> **Provided data**:
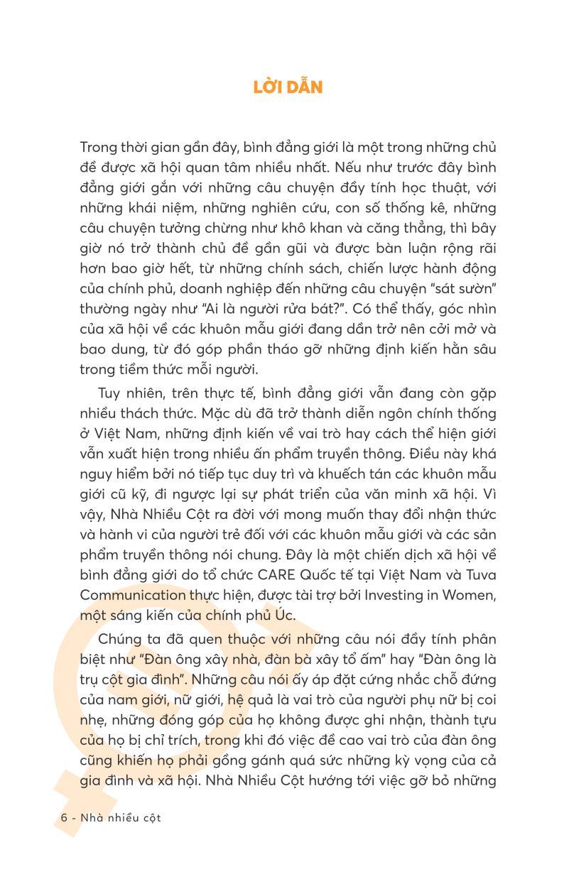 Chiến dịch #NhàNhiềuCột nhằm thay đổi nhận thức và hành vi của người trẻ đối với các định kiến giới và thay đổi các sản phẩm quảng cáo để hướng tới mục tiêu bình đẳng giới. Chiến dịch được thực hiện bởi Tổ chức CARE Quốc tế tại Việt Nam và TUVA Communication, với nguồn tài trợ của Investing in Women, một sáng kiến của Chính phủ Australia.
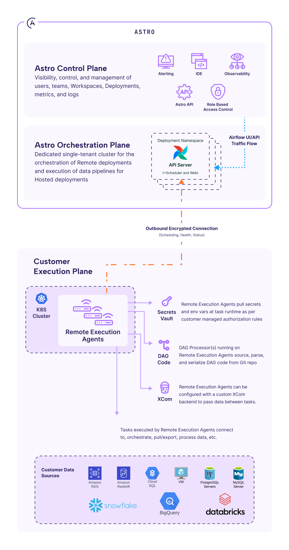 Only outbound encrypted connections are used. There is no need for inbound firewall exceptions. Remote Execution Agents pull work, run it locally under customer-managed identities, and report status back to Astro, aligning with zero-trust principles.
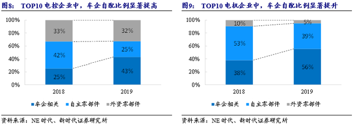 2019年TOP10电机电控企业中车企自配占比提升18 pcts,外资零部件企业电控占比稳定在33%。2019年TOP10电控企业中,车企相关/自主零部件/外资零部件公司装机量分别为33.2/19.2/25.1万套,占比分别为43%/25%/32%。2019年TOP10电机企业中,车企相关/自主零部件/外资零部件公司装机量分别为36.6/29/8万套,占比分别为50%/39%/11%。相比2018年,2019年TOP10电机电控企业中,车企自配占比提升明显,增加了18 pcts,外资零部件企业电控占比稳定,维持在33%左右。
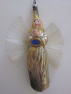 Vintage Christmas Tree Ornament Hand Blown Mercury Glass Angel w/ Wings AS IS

> **Your task**:
Transcribe the data word for word, with no images.

> **Exercise output**:
 Chiến dịch #NhàNhiềuCột nhằm thay đổi nhận thức và hành vi của người trẻ đối với các định kiến giới và thay đổi các sản phẩm quảng cáo để hướng tới mục tiêu bình đẳng giới. Chiến dịch được thực hiện bởi Tổ chức CARE Quốc tế tại Việt Nam và TUVA Communication, với nguồn tài trợ của Investing in Women, một sáng kiến của Chính phủ Australia.
 Only outbound encrypted connections are used. There is no need for inbound firewall exceptions. Remote Execution Agents pull work, run it locally under customer-managed identities, and report status back to Astro, aligning with zero-trust principles.
 2019年TOP10电机电控企业中车企自配占比提升18 pcts,外资零部件企业电控占比稳定在33%。2019年TOP10电控企业中,车企相关/自主零部件/外资零部件公司装机量分别为33.2/19.2/25.1万套,占比分别为43%/25%/32%。2019年TOP10电机企业中,车企相关/自主零部件/外资零部件公司装机量分别为36.6/29/8万套,占比分别为50%/39%/11%。相比2018年,2019年TOP10电机电控企业中,车企自配占比提升明显,增加了18 pcts,外资零部件企业电控占比稳定,维持在33%左右。
 Vintage Christmas Tree Ornament Hand Blown Mercury Glass Angel w/ Wings AS IS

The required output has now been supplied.